Despite his misalignment with the Republican hierarchy, the Left has an even greater revulsion for Stockman. Since the crisis, he has become perhaps the most respected figure (with the possible exception of Alan Meltzer) to take the position that a system based on fiat currency is doomed. Those who most visibly argue these points, like Ron and Rand Paul, and myself, come from the libertarian movement. As a result, we can be easily dismissed as cranks. However, Stockman was once a card-carrying member of the power elite. His embrace of these principles is taken more seriously and is thus ripe for instant attack from liberal economists.
While the usual suspects of Jared Bernstein and Joe Wiesenthal weighed in with heaps of invective, the loudest heckles have come from, whom else, Paul Krugman.
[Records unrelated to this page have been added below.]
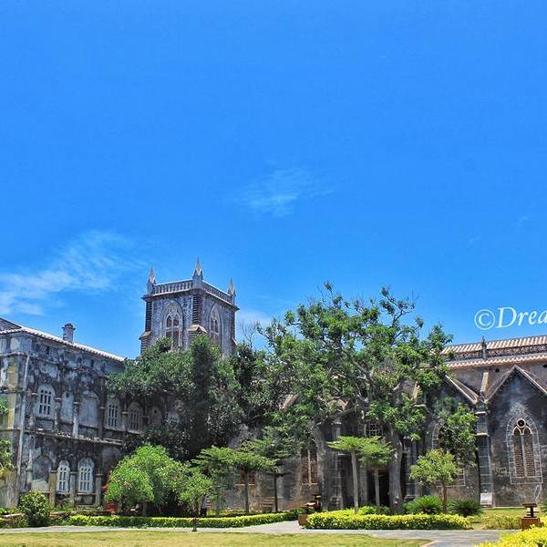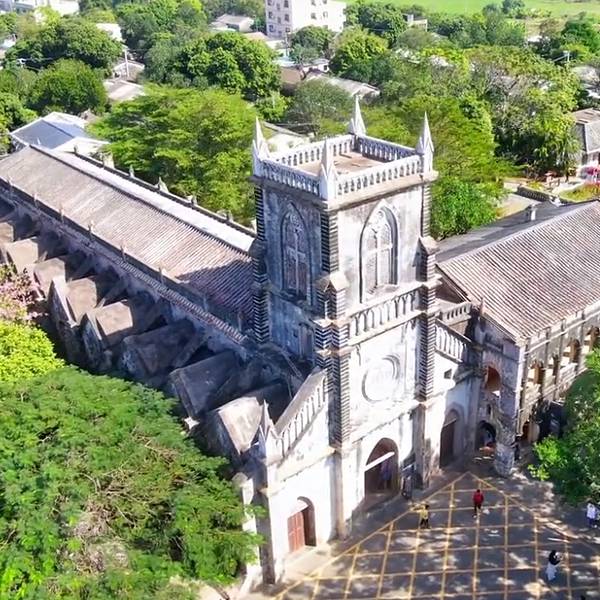 涠洲岛盛塘天主教堂位于涠洲岛盛塘村,是全国重点文物保护单位。教堂由法国巴黎外方传教士建于1853年,历时10年建成,建筑面积825平方,高21米,主体建筑保存较为完好,是我国现存的几座较大的天主教堂之一,也是中西文化融合共生的历史见证。整座教堂主要取材于海底珊瑚沉积岩,运用周密的力学设计建成。
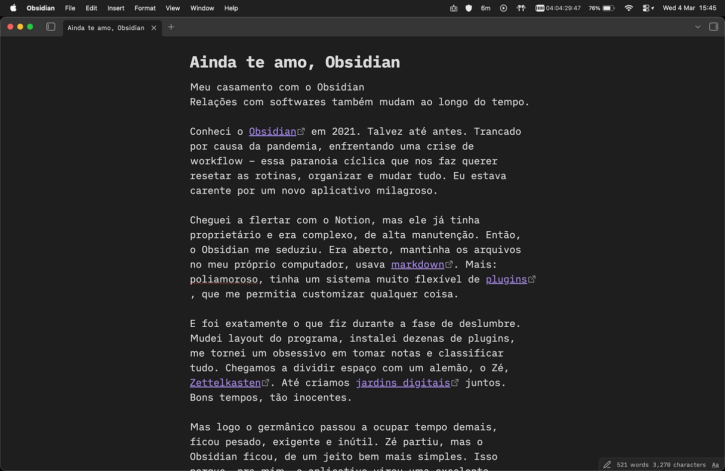 Mas logo o germânico passou a ocupar tempo demais, ficou pesado, exigente e inútil. Zé partiu, mas o Obsidian ficou, de um jeito bem mais simples. Isso porque, pra mim, o aplicativo virou uma excelente máquina de escrever, um lugar calmo onde posso despejar meus obscurecimentos intelectuais.
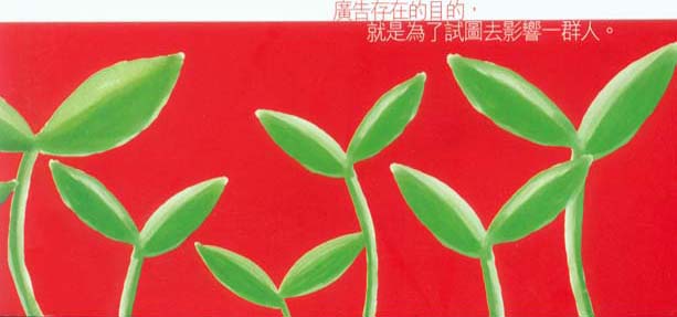 广告存在的目的,就是为了试图去影响一群人。一个叫好的广告可能引来掌声,在比赛中得奖,然后仅止于此。虽然人们为它喝彩,但是并没有为它而行动。一个高竿的广告,是能让人们在看过之后,改变思想或行为,并且采取具体的行动。
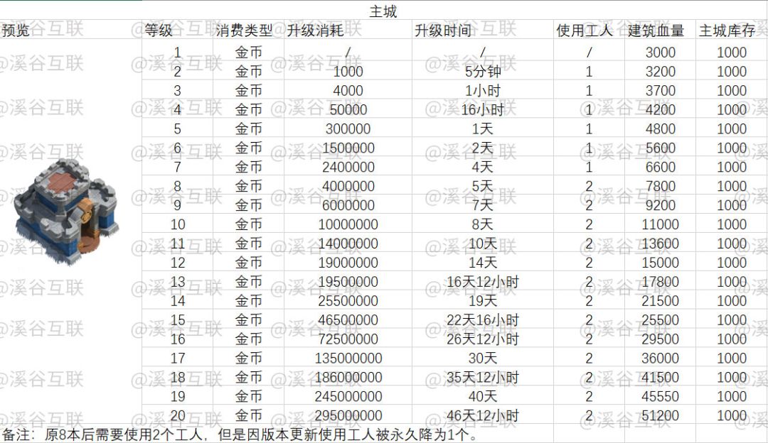 补充:溪谷玩了一年多了,当初就和开发人员说过发做一份数据升级表的,可是他貌似没时间,不方便调数据给我直接写,我只能一步一个脚印慢慢记录了,现在主城的升级数据完工了,还有很多没记录的。
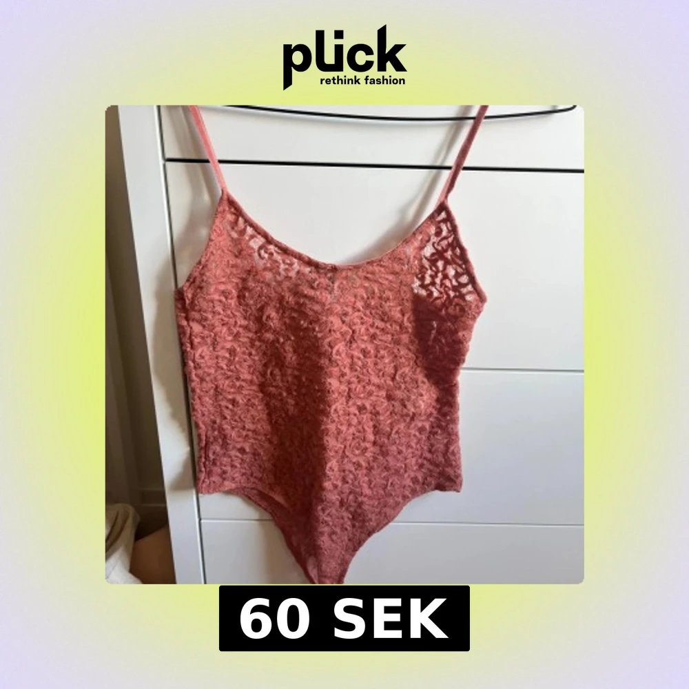 Säljer en snygg korall body med smala axelband och spetsmönster.

He began his multi-post campaign by questioning the "mystery" of why the New York Times would sully Krugman's own gravitas by forcing him to share column inches with someone as "non serious" as Stockman. He then offers the back of his hand:
"I thought Stockman would offer some kind of real argument, some presentation, however tendentious, of evidence. Instead it's just a series of gee-whiz, context- and model-free numbers embedded in a rant - and not even an interesting rant. It's cranky old man stuff." For the record, Stockman is only 66.
In actuality, Stockman's NYT piece offers a litany of objectively dismal facts and cogent explanations of how we got here. While most are celebrating the nominal high of U.S. stocks (see my recent analysis of the current rally), he points out that in the five and half years it has taken for the S&P 500 to set a new high, "Real median family income growth has dropped 8 percent, and the number of full-time middle class jobs, 6 percent. The real net worth of the 'bottom' 90 percent has dropped by one-fourth. The number of food stamp and disability aid recipients has more than doubled to 59 million, about one in five Americans." But Krugman fails to find the currency of his stock and trade, the macro-economic statistical models that attempt to describe how an economy works. In truth, those academic ordeals only matter in getting tenure and impressing the global elite. The real economy is much easier to understand.
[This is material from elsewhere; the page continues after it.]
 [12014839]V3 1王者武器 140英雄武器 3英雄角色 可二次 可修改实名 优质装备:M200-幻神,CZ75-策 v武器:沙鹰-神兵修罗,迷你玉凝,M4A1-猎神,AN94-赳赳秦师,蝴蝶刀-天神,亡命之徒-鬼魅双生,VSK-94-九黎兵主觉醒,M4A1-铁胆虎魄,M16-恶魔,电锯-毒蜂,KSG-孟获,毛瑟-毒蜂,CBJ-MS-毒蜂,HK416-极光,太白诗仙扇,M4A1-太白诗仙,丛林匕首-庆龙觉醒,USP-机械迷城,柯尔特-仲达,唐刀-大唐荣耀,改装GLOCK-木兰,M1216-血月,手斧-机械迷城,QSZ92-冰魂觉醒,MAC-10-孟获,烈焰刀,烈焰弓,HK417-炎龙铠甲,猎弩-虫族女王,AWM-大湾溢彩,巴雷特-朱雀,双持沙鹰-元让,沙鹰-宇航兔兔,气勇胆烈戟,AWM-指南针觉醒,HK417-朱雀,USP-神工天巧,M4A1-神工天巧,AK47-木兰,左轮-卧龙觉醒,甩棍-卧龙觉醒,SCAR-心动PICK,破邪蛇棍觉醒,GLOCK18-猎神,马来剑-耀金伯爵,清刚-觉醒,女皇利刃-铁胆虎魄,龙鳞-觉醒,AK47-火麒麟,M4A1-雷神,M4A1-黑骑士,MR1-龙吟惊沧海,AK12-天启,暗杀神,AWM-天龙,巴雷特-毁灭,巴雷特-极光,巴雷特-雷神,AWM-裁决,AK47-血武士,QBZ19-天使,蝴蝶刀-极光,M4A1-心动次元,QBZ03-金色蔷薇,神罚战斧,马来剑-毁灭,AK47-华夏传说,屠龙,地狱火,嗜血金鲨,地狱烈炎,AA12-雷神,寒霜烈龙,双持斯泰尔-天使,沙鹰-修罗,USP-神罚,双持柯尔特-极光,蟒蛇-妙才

Case in point: Stockton, California, which on Monday became the largest U.S. city to file for bankruptcy protection. Stockton, a city of 300,000 and two hours from San Francisco, is following the path blazed by many smaller California municipalities that have been unable to support lavish spending, salary and pension guarantees. And although Stockton has tightened its belt over the last few years (unlike similarly bankrupt San Bernadino, which is not even trying), it lacks the capacity to close the gap. Despite its enormous advantages in geography, infrastructure and location, the city is too bloated with government and clogged with taxes and regulation to allow for robust growth. As a result, Stockton is looking to pin the losses on its creditors.
As Stockman makes clear, the United States has been plagued by the same problems that doomed Stockton. His critics argue that the Federal Reserve's printing press provides a foolproof immunity to such pedestrian problems. But in the end, these paper protections will only exist on paper. We're all Stocktonians now.